* Task prompt *
Look through the data below and output, unchanged, every line from the one holding "库存方面,截至4月26日,全" through the one holding "Retrato de Venceslau", inclusive. Skip the pictures.

[Stored data entries]
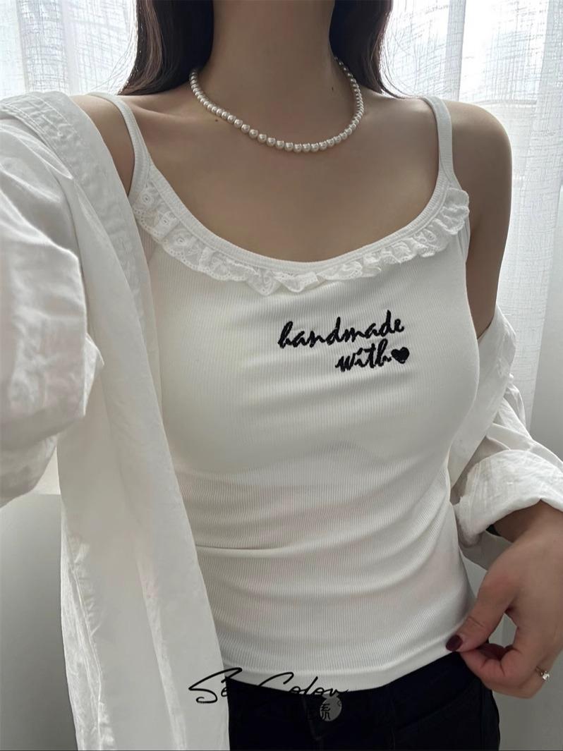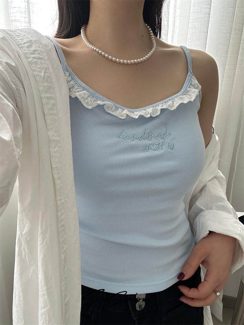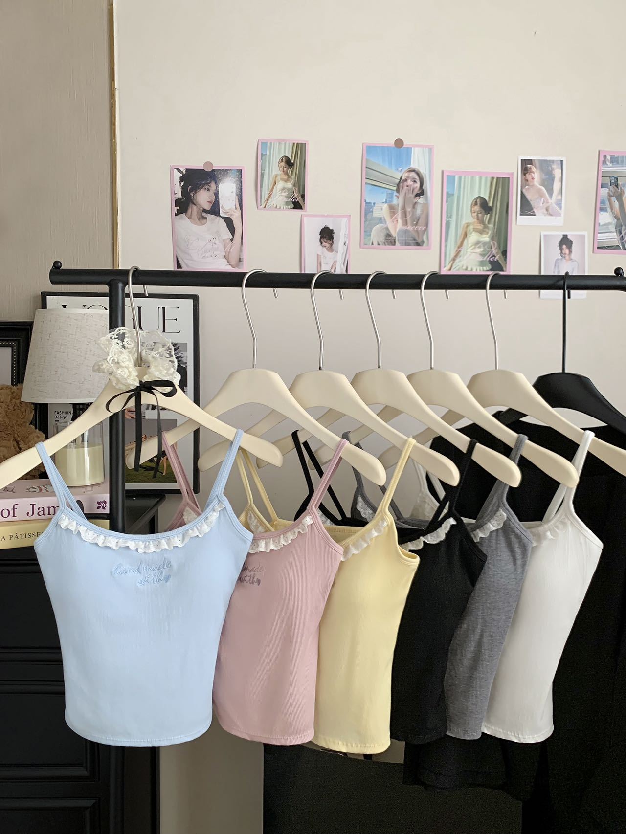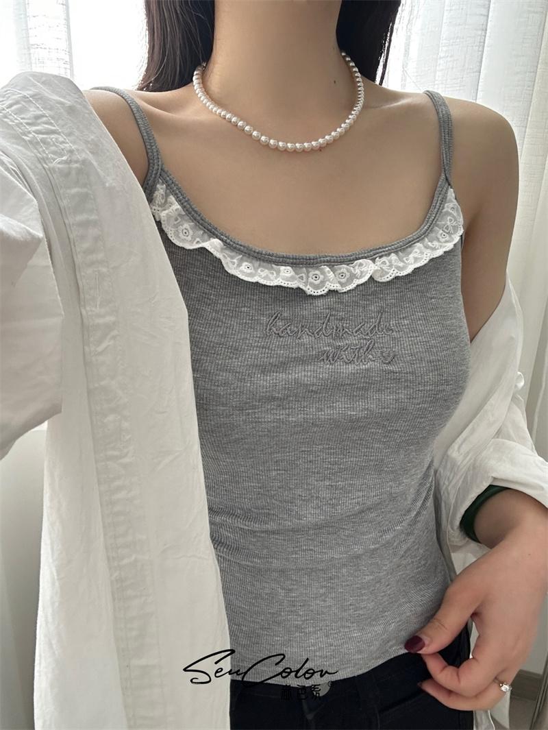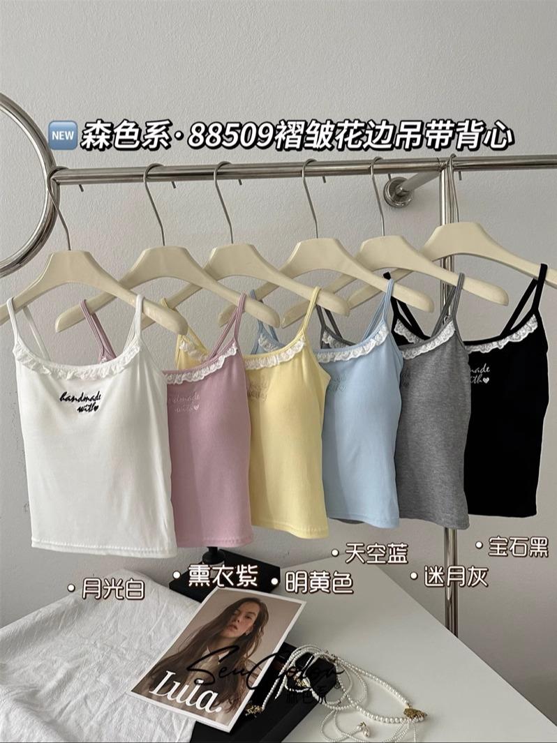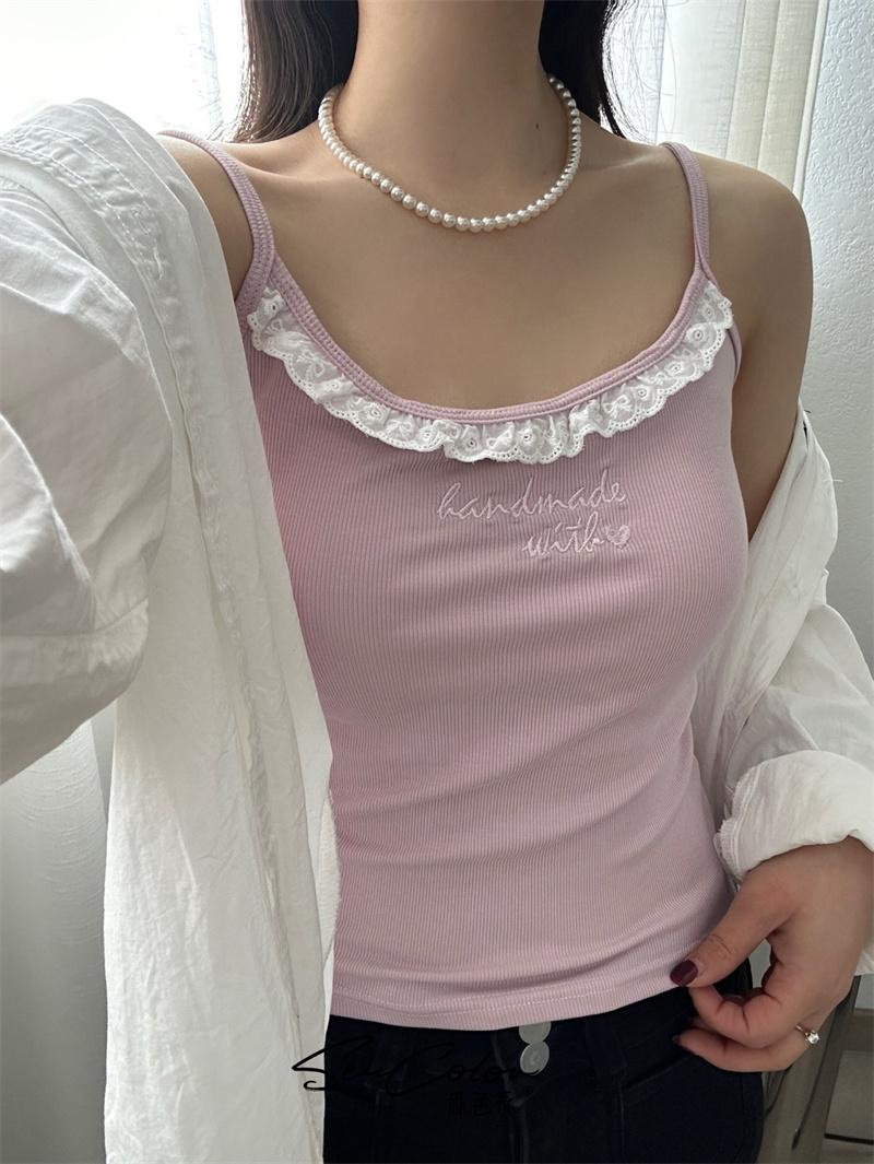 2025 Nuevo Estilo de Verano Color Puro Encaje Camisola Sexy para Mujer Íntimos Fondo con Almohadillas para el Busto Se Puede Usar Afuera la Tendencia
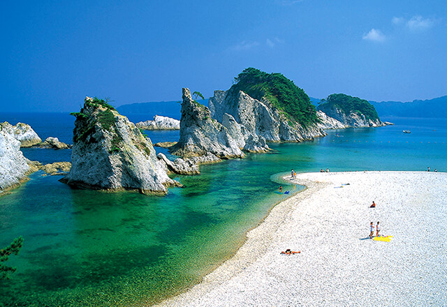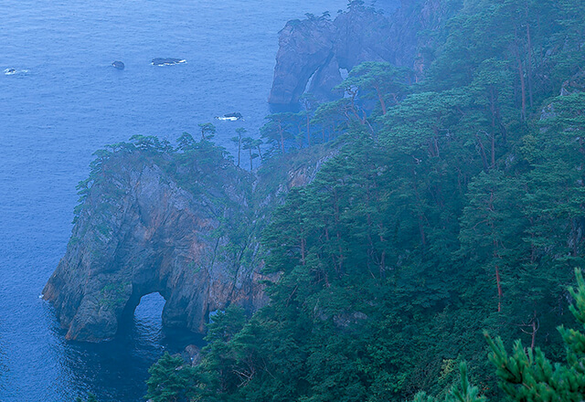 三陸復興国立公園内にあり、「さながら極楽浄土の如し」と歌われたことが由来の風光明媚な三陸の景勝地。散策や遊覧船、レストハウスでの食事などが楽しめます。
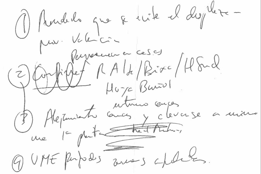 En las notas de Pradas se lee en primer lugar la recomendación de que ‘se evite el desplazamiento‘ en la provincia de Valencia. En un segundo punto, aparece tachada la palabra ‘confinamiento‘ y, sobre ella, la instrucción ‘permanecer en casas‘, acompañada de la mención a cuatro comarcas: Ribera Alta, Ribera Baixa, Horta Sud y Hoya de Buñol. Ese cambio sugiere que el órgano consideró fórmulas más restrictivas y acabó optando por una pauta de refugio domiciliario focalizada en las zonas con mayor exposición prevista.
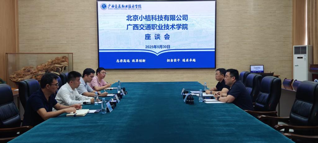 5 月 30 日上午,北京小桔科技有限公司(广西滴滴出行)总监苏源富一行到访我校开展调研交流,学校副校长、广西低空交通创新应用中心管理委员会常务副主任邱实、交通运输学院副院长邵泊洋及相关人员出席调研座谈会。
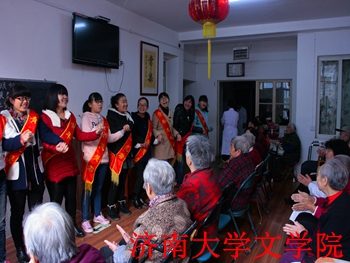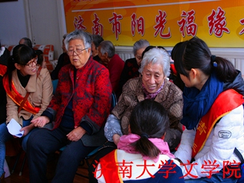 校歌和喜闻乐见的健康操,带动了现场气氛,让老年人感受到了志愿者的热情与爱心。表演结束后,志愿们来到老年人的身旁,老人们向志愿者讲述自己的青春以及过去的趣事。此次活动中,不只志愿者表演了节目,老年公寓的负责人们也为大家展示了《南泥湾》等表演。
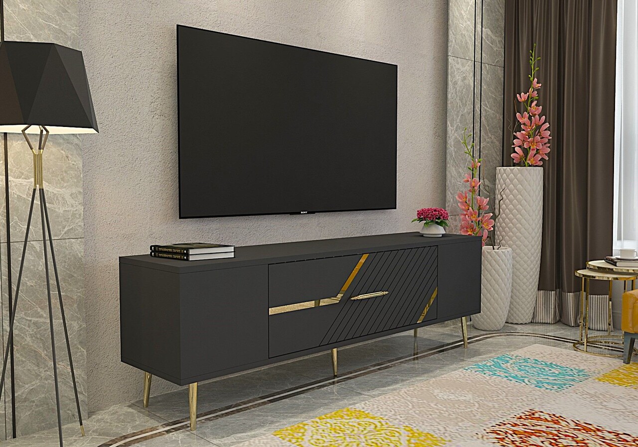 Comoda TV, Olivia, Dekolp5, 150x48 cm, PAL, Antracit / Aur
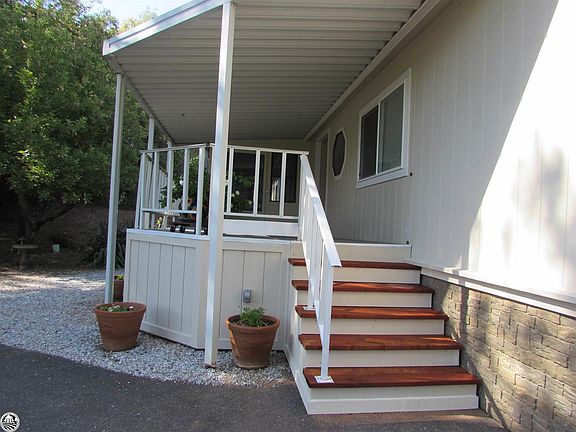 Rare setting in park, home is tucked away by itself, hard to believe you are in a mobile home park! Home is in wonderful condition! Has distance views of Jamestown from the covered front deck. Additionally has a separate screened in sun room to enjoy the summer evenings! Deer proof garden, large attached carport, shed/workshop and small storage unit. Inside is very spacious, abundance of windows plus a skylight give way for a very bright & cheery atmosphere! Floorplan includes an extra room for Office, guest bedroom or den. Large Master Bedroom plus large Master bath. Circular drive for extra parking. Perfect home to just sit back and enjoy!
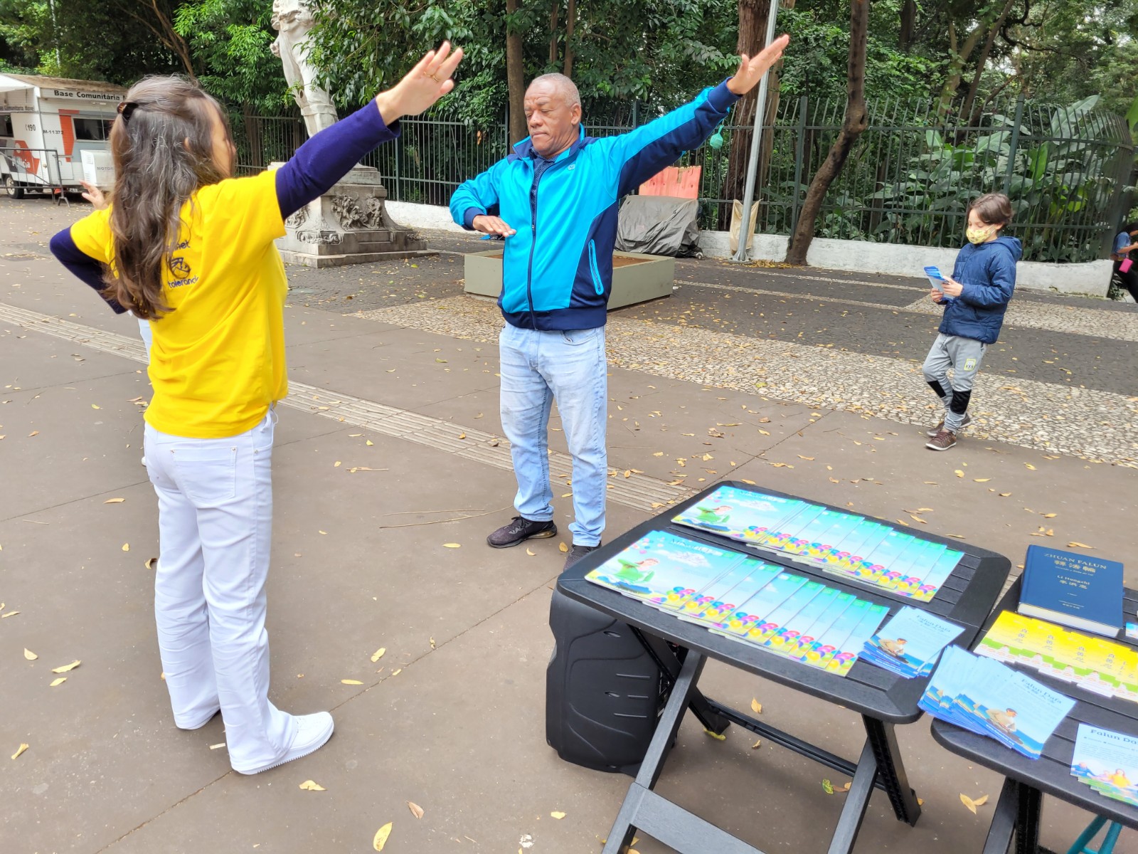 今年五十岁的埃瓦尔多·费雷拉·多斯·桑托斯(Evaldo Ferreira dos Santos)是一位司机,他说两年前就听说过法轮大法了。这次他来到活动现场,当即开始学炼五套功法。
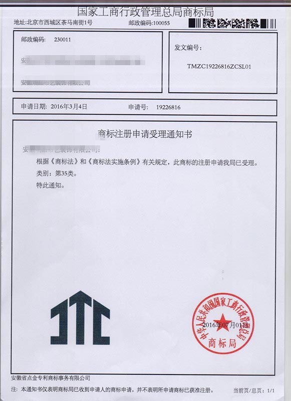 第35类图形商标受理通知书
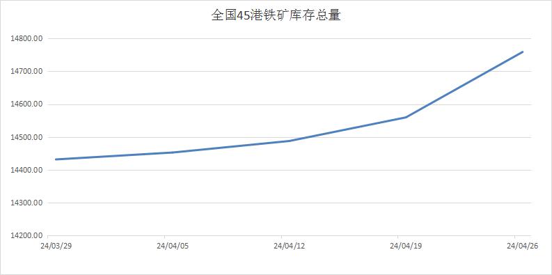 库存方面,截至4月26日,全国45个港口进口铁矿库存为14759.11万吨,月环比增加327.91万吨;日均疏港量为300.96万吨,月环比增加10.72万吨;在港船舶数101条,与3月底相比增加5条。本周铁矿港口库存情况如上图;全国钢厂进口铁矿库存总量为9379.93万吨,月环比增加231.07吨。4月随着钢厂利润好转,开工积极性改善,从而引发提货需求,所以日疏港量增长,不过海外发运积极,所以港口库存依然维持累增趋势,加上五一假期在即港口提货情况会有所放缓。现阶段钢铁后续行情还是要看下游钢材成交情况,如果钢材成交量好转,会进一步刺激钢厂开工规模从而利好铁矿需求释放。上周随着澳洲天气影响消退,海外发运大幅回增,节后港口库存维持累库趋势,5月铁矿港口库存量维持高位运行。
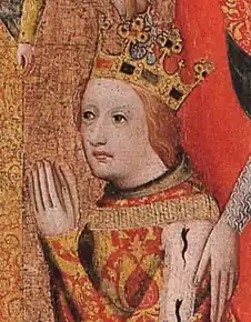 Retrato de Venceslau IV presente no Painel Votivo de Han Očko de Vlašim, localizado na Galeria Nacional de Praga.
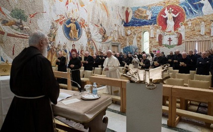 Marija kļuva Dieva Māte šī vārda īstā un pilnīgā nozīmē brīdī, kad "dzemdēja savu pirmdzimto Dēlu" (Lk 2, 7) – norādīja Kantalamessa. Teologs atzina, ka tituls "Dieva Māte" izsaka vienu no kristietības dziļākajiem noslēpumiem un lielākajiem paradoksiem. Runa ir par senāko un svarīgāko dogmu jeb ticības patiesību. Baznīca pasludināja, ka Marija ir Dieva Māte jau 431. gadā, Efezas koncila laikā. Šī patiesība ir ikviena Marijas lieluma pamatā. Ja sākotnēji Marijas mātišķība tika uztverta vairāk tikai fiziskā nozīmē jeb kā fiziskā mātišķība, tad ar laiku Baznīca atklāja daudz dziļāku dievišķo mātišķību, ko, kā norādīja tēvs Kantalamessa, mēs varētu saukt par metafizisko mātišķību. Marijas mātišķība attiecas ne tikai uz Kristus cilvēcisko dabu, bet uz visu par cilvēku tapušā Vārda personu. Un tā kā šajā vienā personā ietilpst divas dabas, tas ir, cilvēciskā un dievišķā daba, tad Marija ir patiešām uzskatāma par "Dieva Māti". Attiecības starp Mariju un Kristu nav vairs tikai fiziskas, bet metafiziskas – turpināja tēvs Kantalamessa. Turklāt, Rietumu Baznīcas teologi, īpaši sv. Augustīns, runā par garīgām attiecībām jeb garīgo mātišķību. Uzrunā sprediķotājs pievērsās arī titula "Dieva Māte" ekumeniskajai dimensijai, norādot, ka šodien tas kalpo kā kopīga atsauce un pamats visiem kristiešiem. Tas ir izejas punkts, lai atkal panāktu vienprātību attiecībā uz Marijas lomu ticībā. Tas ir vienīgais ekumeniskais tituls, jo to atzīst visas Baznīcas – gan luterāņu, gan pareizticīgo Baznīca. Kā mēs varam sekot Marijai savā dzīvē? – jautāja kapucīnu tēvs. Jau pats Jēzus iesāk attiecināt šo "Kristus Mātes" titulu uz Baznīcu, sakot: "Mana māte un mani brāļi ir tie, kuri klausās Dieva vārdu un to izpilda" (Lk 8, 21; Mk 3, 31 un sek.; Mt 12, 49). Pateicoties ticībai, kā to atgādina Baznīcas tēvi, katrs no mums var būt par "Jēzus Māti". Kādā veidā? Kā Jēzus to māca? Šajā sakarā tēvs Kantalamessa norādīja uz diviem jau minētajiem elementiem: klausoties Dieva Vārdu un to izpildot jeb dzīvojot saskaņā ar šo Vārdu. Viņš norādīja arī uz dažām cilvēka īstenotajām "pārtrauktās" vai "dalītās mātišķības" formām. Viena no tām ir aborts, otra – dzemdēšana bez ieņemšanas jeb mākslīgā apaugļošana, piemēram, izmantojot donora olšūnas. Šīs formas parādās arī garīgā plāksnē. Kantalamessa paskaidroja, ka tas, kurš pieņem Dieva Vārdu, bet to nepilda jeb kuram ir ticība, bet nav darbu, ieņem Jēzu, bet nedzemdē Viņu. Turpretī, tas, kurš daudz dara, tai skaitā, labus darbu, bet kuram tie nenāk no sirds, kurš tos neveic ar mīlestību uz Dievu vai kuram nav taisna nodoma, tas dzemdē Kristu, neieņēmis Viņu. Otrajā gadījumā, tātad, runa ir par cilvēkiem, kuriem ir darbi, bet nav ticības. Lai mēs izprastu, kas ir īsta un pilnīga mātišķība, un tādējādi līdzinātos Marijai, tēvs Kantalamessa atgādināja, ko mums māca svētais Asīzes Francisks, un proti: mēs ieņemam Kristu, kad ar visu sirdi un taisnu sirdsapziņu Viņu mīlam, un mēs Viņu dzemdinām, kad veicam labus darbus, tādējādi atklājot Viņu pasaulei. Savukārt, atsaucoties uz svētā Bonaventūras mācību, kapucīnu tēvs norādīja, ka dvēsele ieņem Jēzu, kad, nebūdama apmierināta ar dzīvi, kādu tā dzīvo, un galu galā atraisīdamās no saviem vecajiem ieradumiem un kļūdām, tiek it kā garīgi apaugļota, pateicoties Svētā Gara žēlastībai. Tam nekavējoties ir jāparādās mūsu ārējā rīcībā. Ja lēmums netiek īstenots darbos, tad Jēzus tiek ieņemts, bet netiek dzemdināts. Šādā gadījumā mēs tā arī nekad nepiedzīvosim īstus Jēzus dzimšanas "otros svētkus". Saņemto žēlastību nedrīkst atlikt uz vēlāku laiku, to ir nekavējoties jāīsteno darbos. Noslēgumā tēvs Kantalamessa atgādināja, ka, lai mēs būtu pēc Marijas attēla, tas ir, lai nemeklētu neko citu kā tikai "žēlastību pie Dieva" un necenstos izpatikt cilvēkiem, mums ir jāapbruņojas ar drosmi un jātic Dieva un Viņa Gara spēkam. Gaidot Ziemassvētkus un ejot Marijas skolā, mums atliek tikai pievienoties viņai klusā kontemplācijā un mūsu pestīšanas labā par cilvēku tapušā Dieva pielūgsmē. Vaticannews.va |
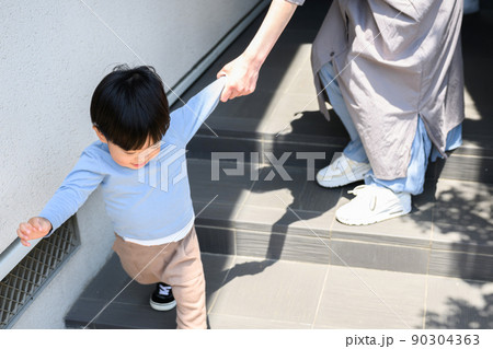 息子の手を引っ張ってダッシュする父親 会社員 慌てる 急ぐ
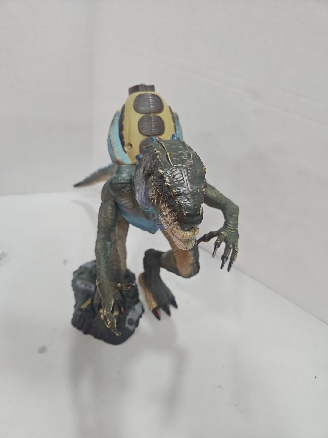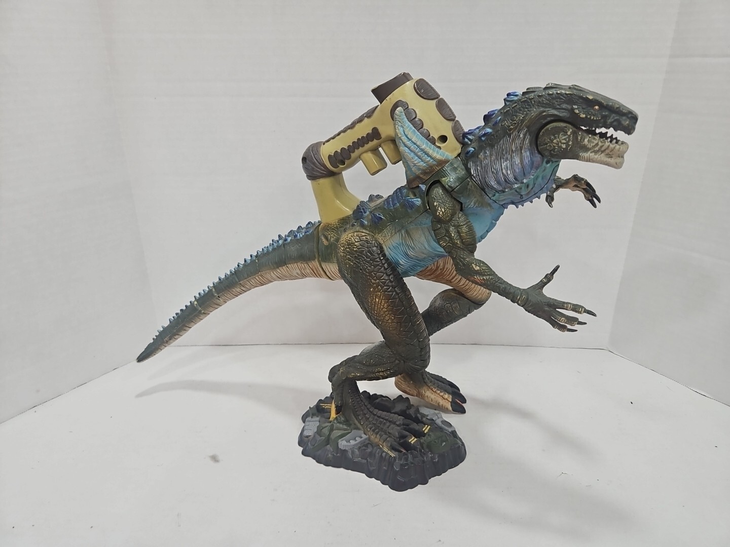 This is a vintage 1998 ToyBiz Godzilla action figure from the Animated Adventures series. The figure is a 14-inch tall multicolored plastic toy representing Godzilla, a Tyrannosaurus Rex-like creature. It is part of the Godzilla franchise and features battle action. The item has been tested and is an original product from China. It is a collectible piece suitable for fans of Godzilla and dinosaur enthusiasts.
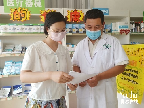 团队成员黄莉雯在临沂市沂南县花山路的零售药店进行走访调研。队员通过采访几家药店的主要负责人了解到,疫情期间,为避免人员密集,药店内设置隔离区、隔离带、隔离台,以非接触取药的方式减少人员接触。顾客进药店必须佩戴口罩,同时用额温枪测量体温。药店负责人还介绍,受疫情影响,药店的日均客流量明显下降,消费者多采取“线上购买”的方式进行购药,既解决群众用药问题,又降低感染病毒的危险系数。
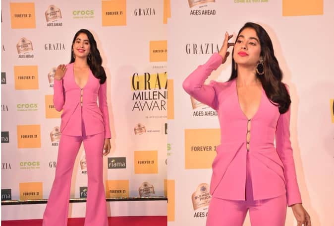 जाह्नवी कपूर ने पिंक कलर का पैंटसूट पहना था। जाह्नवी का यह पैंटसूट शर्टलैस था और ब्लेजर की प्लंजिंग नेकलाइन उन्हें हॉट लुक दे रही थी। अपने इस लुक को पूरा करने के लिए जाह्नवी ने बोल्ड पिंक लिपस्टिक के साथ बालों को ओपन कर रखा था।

* Result for this task *
 库存方面,截至4月26日,全国45个港口进口铁矿库存为14759.11万吨,月环比增加327.91万吨;日均疏港量为300.96万吨,月环比增加10.72万吨;在港船舶数101条,与3月底相比增加5条。本周铁矿港口库存情况如上图;全国钢厂进口铁矿库存总量为9379.93万吨,月环比增加231.07吨。4月随着钢厂利润好转,开工积极性改善,从而引发提货需求,所以日疏港量增长,不过海外发运积极,所以港口库存依然维持累增趋势,加上五一假期在即港口提货情况会有所放缓。现阶段钢铁后续行情还是要看下游钢材成交情况,如果钢材成交量好转,会进一步刺激钢厂开工规模从而利好铁矿需求释放。上周随着澳洲天气影响消退,海外发运大幅回增,节后港口库存维持累库趋势,5月铁矿港口库存量维持高位运行。
 Retrato de Venceslau IV presente no Painel Votivo de Han Očko de Vlašim, localizado na Galeria Nacional de Praga.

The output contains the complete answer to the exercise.